Renal cell carcinoma (RCC) accounts for approximately 4% of cancers and 2% of cancer mortality in the United States. Historically, most patients presented with advanced-stage disease with clinical symptoms of a palpable mass, hematuria, and flank pain. However, in the last 15 years, renal masses have been increasingly diagnosed as an incidental finding at cross-sectional abdominal imaging. At present, more than 60% of renal cancers are discovered in asymptomatic patients undergoing evaluation for unrelated conditions.
Surgical resection is the standard treatment for RCC. Radical nephrectomy and partial nephrectomy (PN: nephron-sparing surgery) are the most used techniques, depending mainly on the tumor size. Thermal ablative techniques (cryoablation, radiofrequency, or microwave ablation) are promising alternative treatments for non-surgical candidates with small renal tumors.
Embolotherapy for renal tumors has been used since the 1970s for symptomatic hematuria, palliation, or preoperative infarction of renal tumors. The evolution of the endovascular techniques, as well as the refinement of angiographic technology, allows a more accurate and safe embolization. As a consequence, embolotherapy for renal cancer has also evolved and expanded its indications.
State-of-the-art embolization in renal cancer is indicated in three clinical scenarios: preoperative, in selected cases of radical or PN; postoperative, in cases of vascular injuries and/or hemorrhage following PN and as a palliative treatment.
This chapter reviews basic concept of renal tumor embolization as well as its indication and clinical role in the modern therapeutic approach of RCC.

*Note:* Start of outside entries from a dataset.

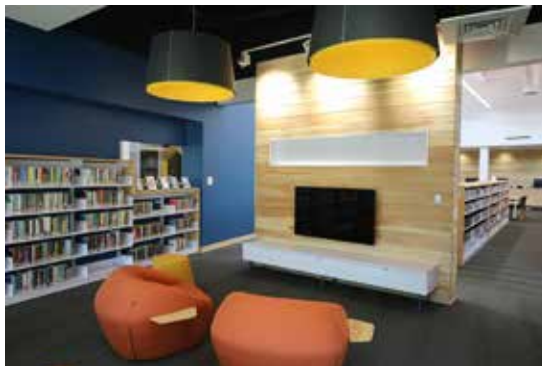
Queen Anne's County Library's Kent Island Branch expansion.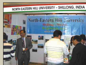
North Eastern Hill University - Shillong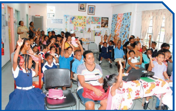
Children participating in a question session about their safety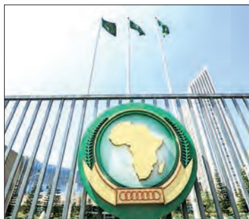
The African Union logo is seen outside the AU headquarters building in Addis Ababa, Ethiopia, on 8 November 2021.

The pan-continental body, which has 55 member states, will hold elections at its summit in February to choose a successor to Moussa Faki Mahamat as chair of the African Union Commission. This year the role is reserved for a representative from East Africa to replace Faki, a veteran politician from Chad who has served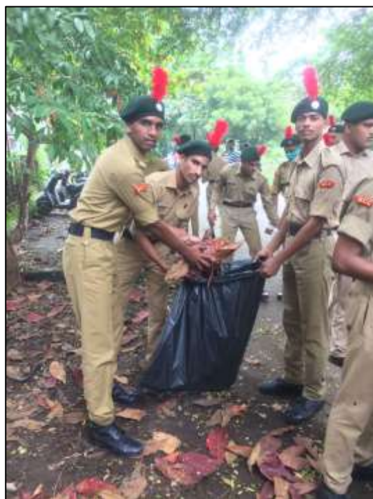
NCC Cadets Collecting the Garbage for Eco-friendly Dumping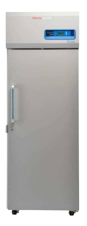
Thermo Scientific™ TSX 659 liter freezer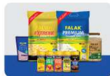
Matco Rice & Food Products Facilities Karachi, Sindh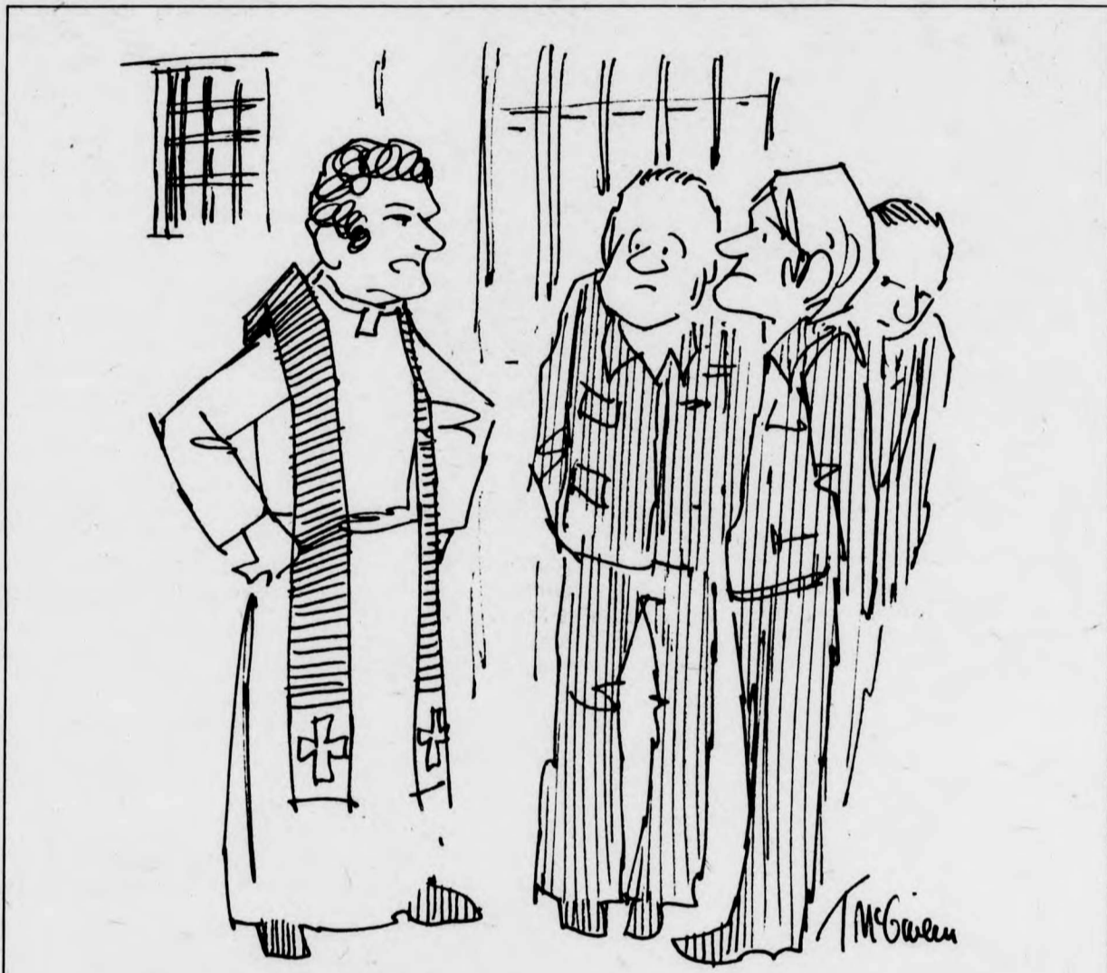
I said, "Take up the collection, not TAKE it!"

The audience passed by an overwhelming majority a resolution calling upon the Canadian government to recognize the People's Republic of Angola.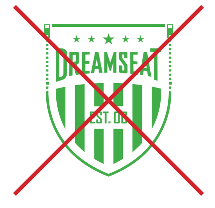
COLORS OUTSIDE OF BRAND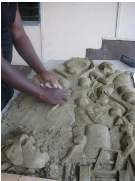
Plate 4.3: Modelling Stage

casting takes place for easy removal of the cast work. The mould was washed and allowed to dry before laminating it for about three times and left again to dry. The mixture of papier mâché and cement mix was prepared in a ratio of 3:4 respectively and stirred to mix thoroughly with a trowel. For the avoidance of air pockets a brush was used to fill the mould bit by bit with the material for the first coat. Iron rods were placed in various parts of the mould to serve as reinforcement after which the mould was fully filled for the casting to complete. The work was left for twenty –five days before it became very hard. With the use of pegs and hammer, the mould was chiselled out to release the work. The work was ground to get the edges of the work sharp and smooth to relieve the work from its background. The work was then painted with acrylic paint as it's finish.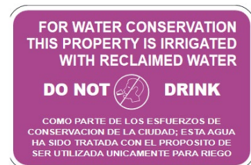
ID-SIGN-35 # 511224 (12" X 18")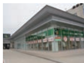
Individual Consulting Plaza Takasaki (Takasaki-Tamachi Branch) (To be relocated December 2022)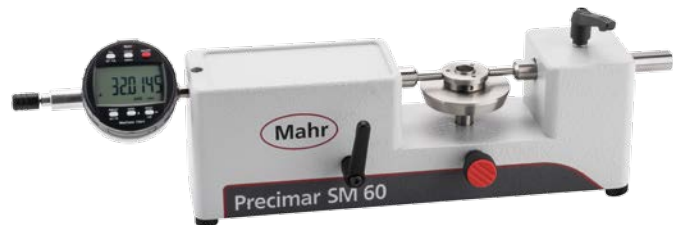
Shown with optional MarCator 1086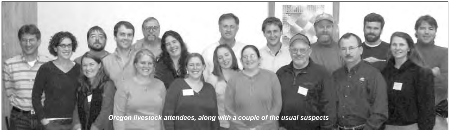
Oregon livestock attendees, along with a couple of the usual suspects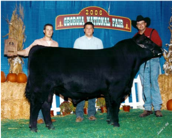
Above: WKU Quest 5422 at the Georgia National Fair where he was Grand Champion Bull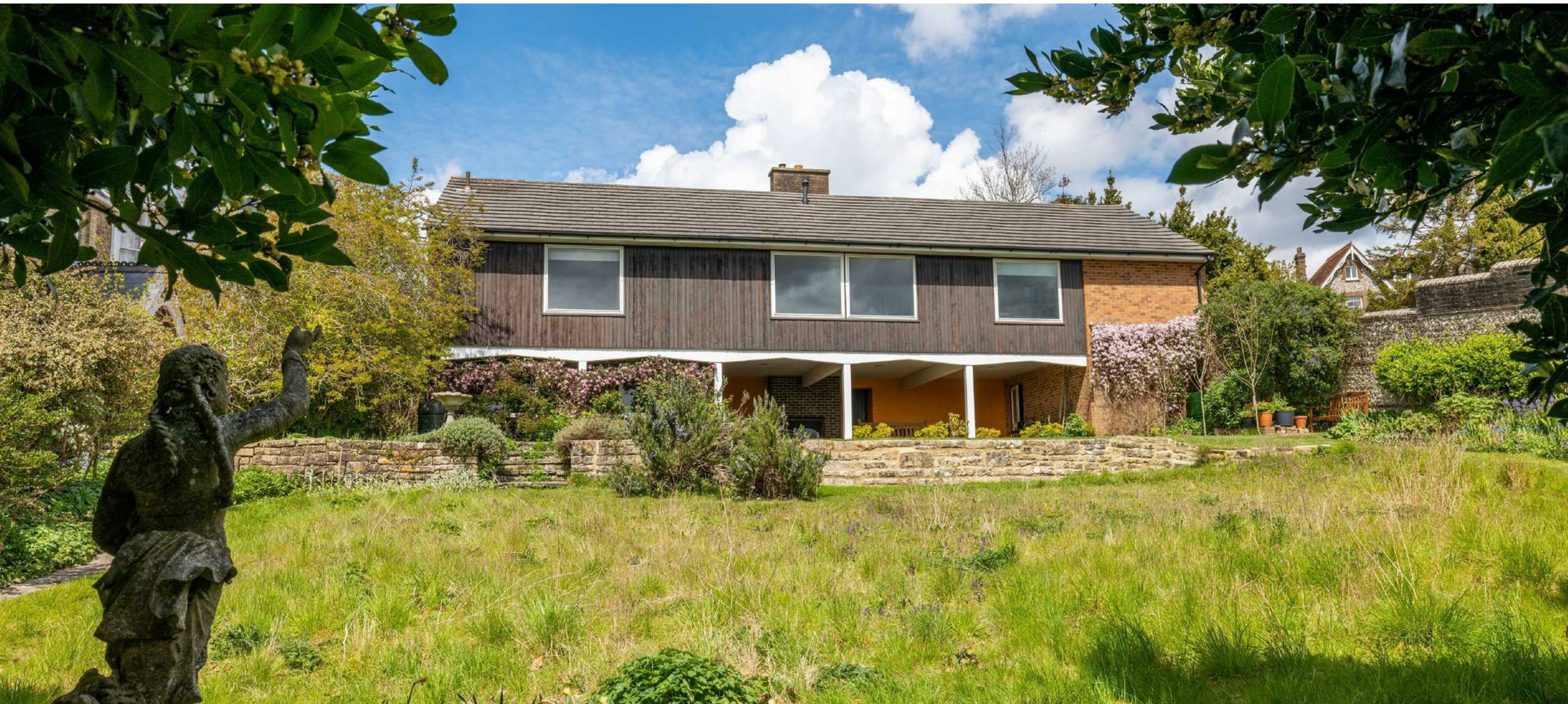
Rotten Row, Lewes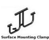
Surface Mounting Clamp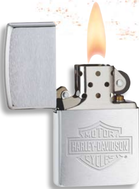
200HD.H199 Brushed Chrome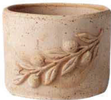
INFO PAG: 146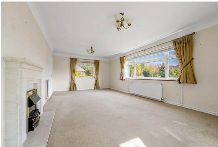
aspect window overlooking the garden.

The interventional oncologist (IO) should not only commit on the technique of renal embolization but also in the oncology care of the patient, as a member of the multidisciplinary care group. Clinical consultation, pretherapeutic patient evaluation, as well as postembolization care and patient follow-up are mandatory for good clinical practice.
Before performing the renal embolization a thorough clinical and imaging workup of the patient is mandatory. At consultation the IO must know the patient's clinical history and laboratory tests – mainly platelets, coagulation, and renal function. It is also important to be familiar with the patient's medication and to carefully review the patient's images for a better planning of the embolization. Indeed, most patients referred for embolization for renal cancer are studied by contrast-enhanced multiple detector computed tomography (CT) or magnetic resonance (MR) scans where not only the tumor but also the supplying vessels are depicted.